The Giorgio Armani Tennis classic might just predict Wimbledon’s winner this year…
Inside the tennis world's best kept secret
The Hurlingham Tennis Classic is almost more Wimbledon than Wimbledon. Those rolling green lawns, thick and soft like cashmere carpet, and manicured to within a millimetre of their lives; that West London leafiness and those crisp, proper whites; an ease with the Pimm’s and the soft warm glow of England in June.
The players see it as the ideal warm up to SWI9 — one last opportunity to gather some grass stains before the gaze of the TV cameras and the glare of the Royal Box. (The secret is in the perennial rye grass, which is a perfect match to the variety used at Wimbledon). The spectators see it as the tennis world’s best kept secret — a rare chance to get within a loafer’s throw of some truly world class ground strokes. (Not that anyone would dare throw a Crockett & Jones near the lovely Greg Rusedski, I should add.) And absolutely everyone who’s ever been agrees it’s completely the best way to spend a hazy summer’s evening, as the pock-pock of match point rings out over the mature rose gardens and bounces off the awnings and echoes happily across the Thames.

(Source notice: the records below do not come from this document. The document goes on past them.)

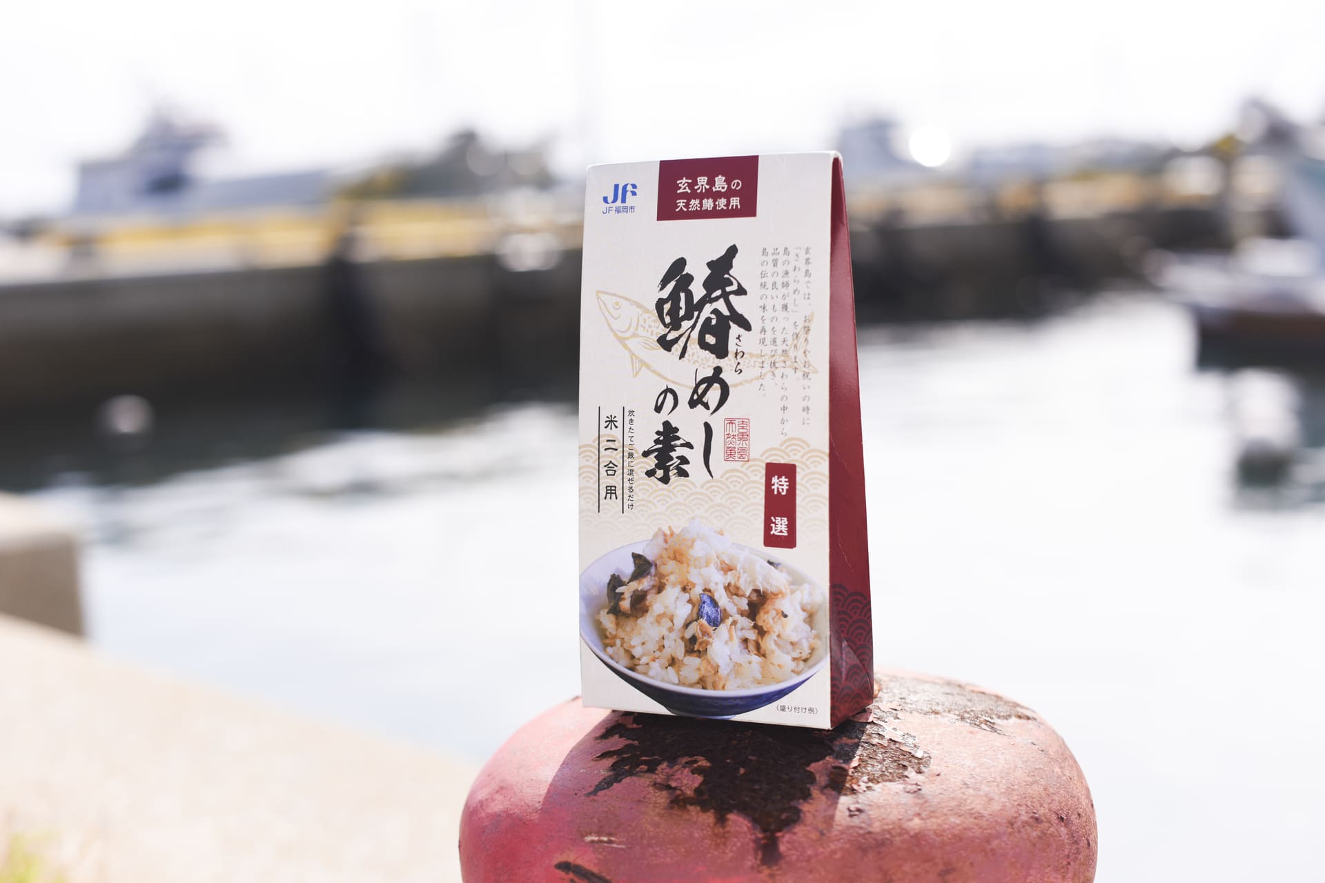 「ベイサイドプレイス博多ふ頭」から定期船で約35分。福岡市西区に浮かぶ玄界島は周囲約4kmの自然豊かな島。漁業が盛んで一年を通して多くの魚介類が水揚げされている島で、昔から愛されている味の一つが鰆を使った『鰆めし』。島の味を「名物」にまで高めて広げようと、鰆を8年ほど前から『鰆めしの素』に手作業で加工している。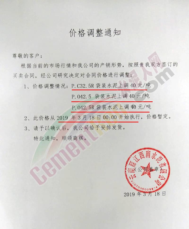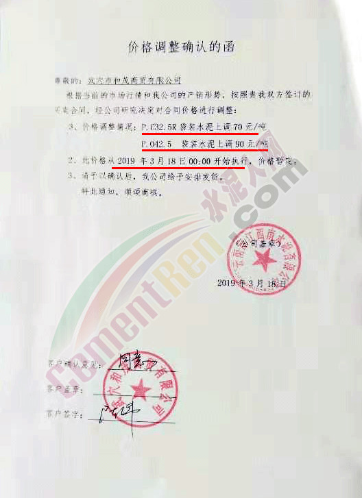 云南麗江西南水泥同期發給外圍經銷商的價格調整確認函稱,根據當前的市場行情和公司的產銷形勢。經公司研究決定從2019年3月18日00.00開始對合同價格進行調整:其中P.C32.5R 袋裝水泥上調70元/噸。P.042.5 袋裝水泥上調90元/噸。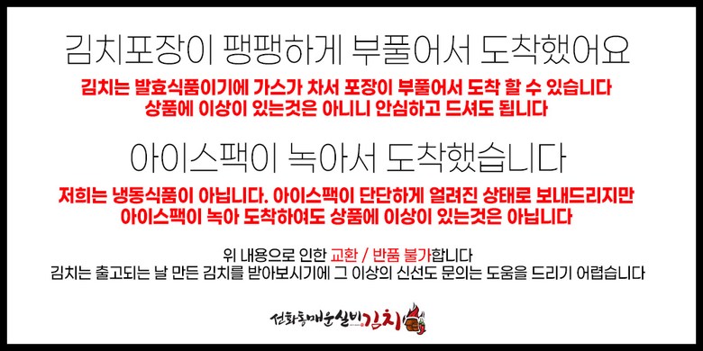 | 생산자 및 소재지 | 선화동매운실비김치(주)농업회사법인 / 대전광역시 중구 유등천동로 234, 1층(산성동) | 제조연월일, 소비기한 또는 품질유지기한 | 제조일로부터 20일까지(10℃이하 냉장보관 시) |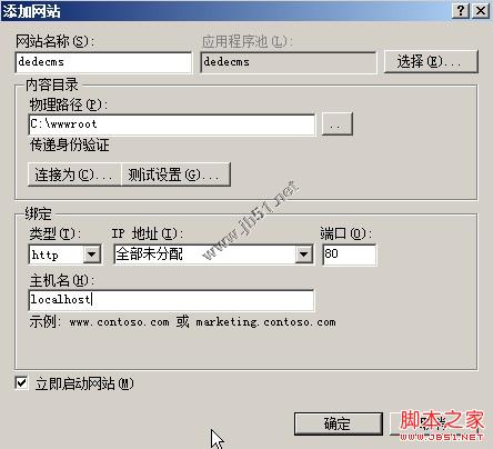 再新建一个网站,在“网站”上右击,点击添加网站,会出现信息网站添加的表单,首先输入网站名称,例如“dedecms”,路径选择为网站存放的路径,单IP的服务器可以不必选择IP,主机头填写为localhost,然后点击确定。
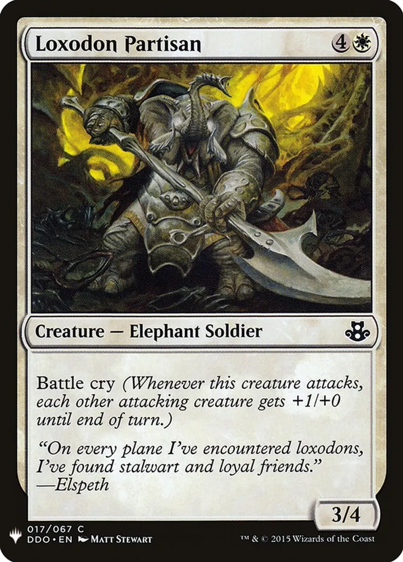 Magic: the Gathering (mtg) common Creature — Elephant Soldier Loxodon Partisan from Mystery Booster (mb1) last updated 2026-02-21 17:04:32

If I sound excitable, you’ll have to forgive me. Over 26 balmy years, the beloved Giorgio Armani Tennis Classic has produced some corking match ups and unexpected delights — with legends like Tim Henman serve-volleying like it’s 1999, and the arch entertainer Mansour Bahrami serving up magic in possibly the finest moustache Parson’s Green has ever seen. If you add up all of the Grand Slams of the tournament’s illustrious alumni, you’ll top 250 — not to mention 1,500 collective weeks as world number one. Plus, there’s the off-court action. This has long been a firm fixture of the summer social calendar for SW6 types — a set that is chic, lightly louche, and intensely relaxed around large format champagne.
But this year’s contest may do more than simply blood rising stars or re-animate frozen icons — it may genuinely predict the winner of its big brother down the road. Alongside young upstarts Caspar Ruud and Carlos Alcaraz, this year Rafael Nadal and Novak Djokovic have been added to the roster at the last minute.
This will be the first time Rafa has hit the court following his French Open win and the first time Novak has played in the classic — and the pundits and tipsters will be watching every stroke with microscopic scrutiny. Both players are hotly tipped for success this year, with that sense of potent inevitability that often surrounds the true greats. So to see them up-close-and-personal seems like a complete and rare indulgence. (And that’s before you get to the fountains of champagne or the mountainous high tea…) Anyone for tennis? Well, if you insist!